**WORK TO COMPLETE**
Return only that part of the material below which starts with the line containing "Saai Soumik Santosh" and goes on through the line containing "Preorder (moq 5)Baby", restated exactly.

**WORKING DATA**
========================================================================

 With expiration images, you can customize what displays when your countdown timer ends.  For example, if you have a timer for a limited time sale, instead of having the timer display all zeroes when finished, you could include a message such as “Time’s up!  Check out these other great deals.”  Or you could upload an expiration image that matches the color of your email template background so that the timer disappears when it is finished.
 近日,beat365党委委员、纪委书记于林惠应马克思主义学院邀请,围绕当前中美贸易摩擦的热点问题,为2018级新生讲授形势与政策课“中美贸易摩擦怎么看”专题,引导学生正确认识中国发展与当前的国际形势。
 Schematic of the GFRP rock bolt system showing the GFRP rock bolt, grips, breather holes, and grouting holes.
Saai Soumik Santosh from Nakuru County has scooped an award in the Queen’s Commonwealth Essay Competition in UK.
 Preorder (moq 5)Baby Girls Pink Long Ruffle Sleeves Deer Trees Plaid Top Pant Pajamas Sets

========================================================================

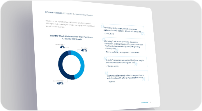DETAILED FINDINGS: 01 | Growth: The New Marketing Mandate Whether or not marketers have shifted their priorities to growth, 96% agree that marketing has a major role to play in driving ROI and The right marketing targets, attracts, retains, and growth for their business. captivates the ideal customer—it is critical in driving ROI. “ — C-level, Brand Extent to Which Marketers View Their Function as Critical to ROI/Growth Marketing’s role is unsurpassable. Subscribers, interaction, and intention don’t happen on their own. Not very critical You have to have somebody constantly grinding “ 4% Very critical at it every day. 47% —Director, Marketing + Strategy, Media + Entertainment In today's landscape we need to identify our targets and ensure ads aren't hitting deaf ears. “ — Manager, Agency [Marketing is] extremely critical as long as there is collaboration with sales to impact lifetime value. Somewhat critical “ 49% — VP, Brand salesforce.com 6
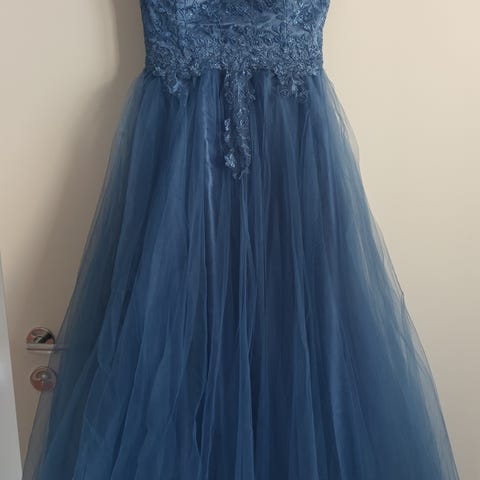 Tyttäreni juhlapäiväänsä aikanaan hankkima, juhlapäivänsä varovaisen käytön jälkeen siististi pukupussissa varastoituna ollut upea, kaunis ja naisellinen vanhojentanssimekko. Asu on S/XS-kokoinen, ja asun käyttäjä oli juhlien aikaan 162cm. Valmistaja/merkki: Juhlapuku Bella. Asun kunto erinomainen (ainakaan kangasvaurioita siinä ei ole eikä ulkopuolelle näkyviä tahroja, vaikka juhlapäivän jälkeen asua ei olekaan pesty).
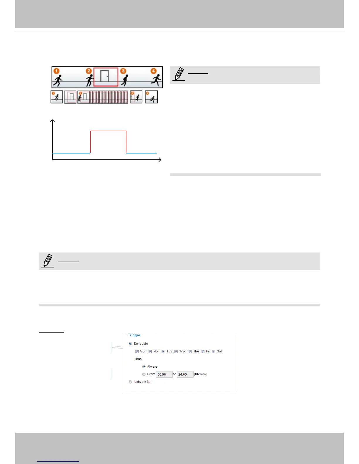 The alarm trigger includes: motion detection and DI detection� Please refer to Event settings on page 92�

========================================================================

**REPLY TO THE EXERCISE**
Saai Soumik Santosh from Nakuru County has scooped an award in the Queen’s Commonwealth Essay Competition in UK.
 Preorder (moq 5)Baby Girls Pink Long Ruffle Sleeves Deer Trees Plaid Top Pant Pajamas Sets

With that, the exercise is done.